Records shown |
——————
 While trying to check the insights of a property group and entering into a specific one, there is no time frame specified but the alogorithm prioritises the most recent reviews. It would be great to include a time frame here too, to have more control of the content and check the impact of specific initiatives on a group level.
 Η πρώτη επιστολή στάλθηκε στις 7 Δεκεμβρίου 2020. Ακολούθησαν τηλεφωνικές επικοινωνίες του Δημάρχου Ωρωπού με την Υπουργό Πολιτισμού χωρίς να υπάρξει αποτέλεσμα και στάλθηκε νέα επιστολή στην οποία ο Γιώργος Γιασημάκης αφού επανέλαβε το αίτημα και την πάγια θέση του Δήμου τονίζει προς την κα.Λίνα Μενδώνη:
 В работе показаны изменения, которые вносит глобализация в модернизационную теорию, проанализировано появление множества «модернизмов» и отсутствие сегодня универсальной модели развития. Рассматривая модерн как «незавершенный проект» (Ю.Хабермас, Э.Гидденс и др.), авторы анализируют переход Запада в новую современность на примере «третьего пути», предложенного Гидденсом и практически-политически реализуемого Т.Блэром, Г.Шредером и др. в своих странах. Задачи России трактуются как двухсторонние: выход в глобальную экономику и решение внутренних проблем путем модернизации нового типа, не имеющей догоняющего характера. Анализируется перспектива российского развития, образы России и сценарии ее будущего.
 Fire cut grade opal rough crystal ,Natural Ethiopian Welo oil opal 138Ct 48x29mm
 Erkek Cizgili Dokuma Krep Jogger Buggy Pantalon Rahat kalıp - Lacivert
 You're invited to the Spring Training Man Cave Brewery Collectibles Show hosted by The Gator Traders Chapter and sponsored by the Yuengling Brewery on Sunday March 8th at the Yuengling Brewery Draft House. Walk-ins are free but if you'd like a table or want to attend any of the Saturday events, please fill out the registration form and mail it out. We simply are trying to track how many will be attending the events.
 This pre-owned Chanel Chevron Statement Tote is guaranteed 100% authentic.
——————
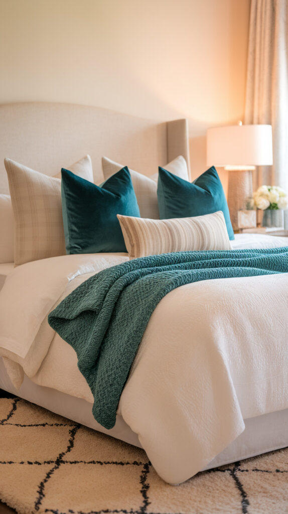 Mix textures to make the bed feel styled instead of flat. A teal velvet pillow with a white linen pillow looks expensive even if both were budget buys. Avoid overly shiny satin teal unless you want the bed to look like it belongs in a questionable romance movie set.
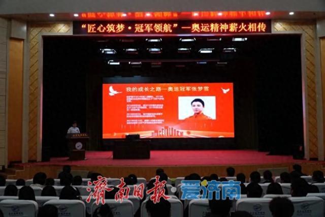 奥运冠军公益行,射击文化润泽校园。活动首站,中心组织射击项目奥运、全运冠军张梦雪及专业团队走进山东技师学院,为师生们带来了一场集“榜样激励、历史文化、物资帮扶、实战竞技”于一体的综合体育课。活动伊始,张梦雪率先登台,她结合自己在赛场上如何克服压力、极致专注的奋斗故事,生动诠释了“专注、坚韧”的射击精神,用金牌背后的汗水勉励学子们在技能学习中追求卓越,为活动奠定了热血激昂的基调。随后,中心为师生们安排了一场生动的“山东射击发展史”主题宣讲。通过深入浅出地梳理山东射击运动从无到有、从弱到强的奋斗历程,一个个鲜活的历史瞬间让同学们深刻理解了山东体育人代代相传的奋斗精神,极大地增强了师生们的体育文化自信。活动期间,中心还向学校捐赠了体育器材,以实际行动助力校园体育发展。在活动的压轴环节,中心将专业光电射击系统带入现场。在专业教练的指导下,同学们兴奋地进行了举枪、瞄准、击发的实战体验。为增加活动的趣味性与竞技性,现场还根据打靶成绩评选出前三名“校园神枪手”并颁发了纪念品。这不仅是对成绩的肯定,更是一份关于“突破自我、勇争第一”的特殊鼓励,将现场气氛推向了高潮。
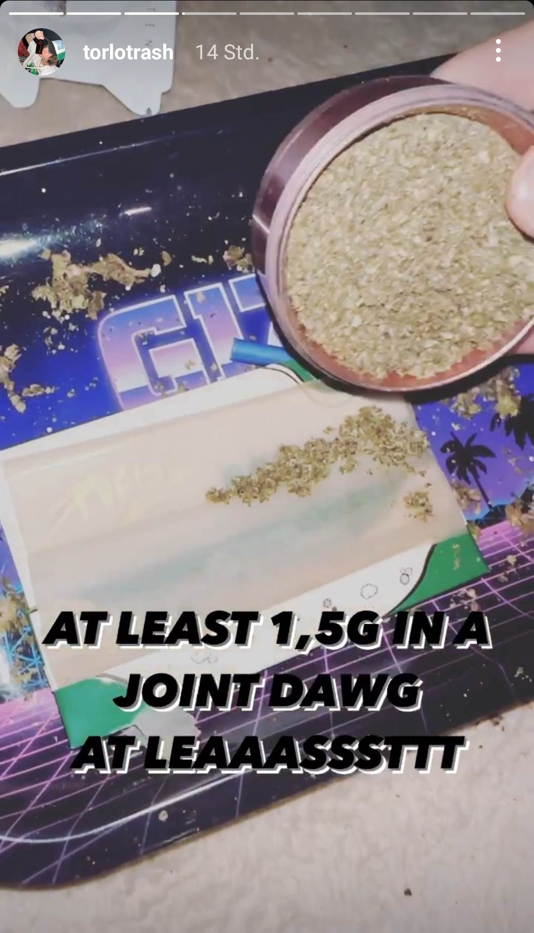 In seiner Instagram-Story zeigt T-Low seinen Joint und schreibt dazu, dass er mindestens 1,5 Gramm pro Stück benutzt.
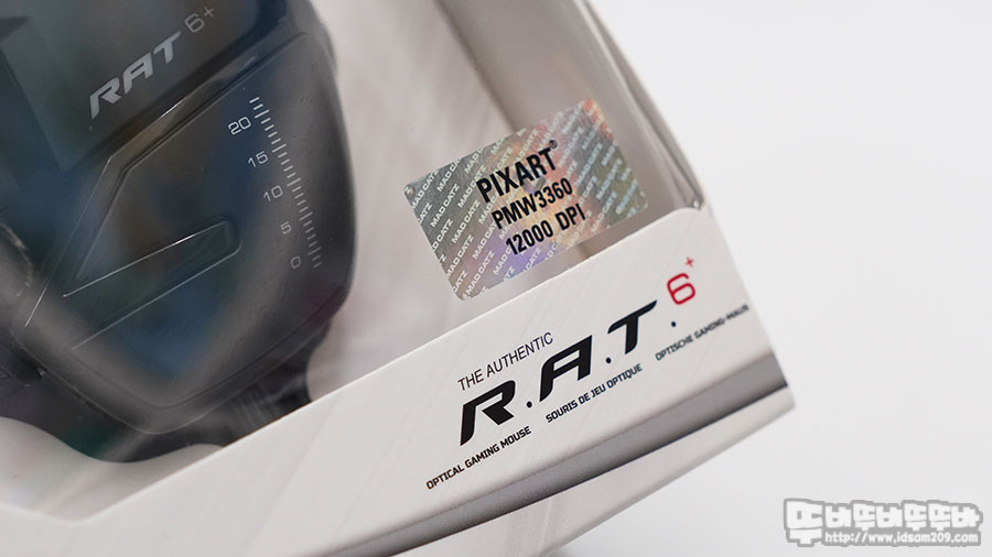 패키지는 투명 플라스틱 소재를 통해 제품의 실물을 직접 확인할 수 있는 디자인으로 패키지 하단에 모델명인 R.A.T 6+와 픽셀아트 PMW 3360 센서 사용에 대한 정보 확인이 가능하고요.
——————
What the task asks | Copy, exactly and only, the lines above that begin with the one containing "While trying to" and finish with the one containing "Η πρώτη επιστολή".

Solved problem |
 While trying to check the insights of a property group and entering into a specific one, there is no time frame specified but the alogorithm prioritises the most recent reviews. It would be great to include a time frame here too, to have more control of the content and check the impact of specific initiatives on a group level.
 Η πρώτη επιστολή στάλθηκε στις 7 Δεκεμβρίου 2020. Ακολούθησαν τηλεφωνικές επικοινωνίες του Δημάρχου Ωρωπού με την Υπουργό Πολιτισμού χωρίς να υπάρξει αποτέλεσμα και στάλθηκε νέα επιστολή στην οποία ο Γιώργος Γιασημάκης αφού επανέλαβε το αίτημα και την πάγια θέση του Δήμου τονίζει προς την κα.Λίνα Μενδώνη:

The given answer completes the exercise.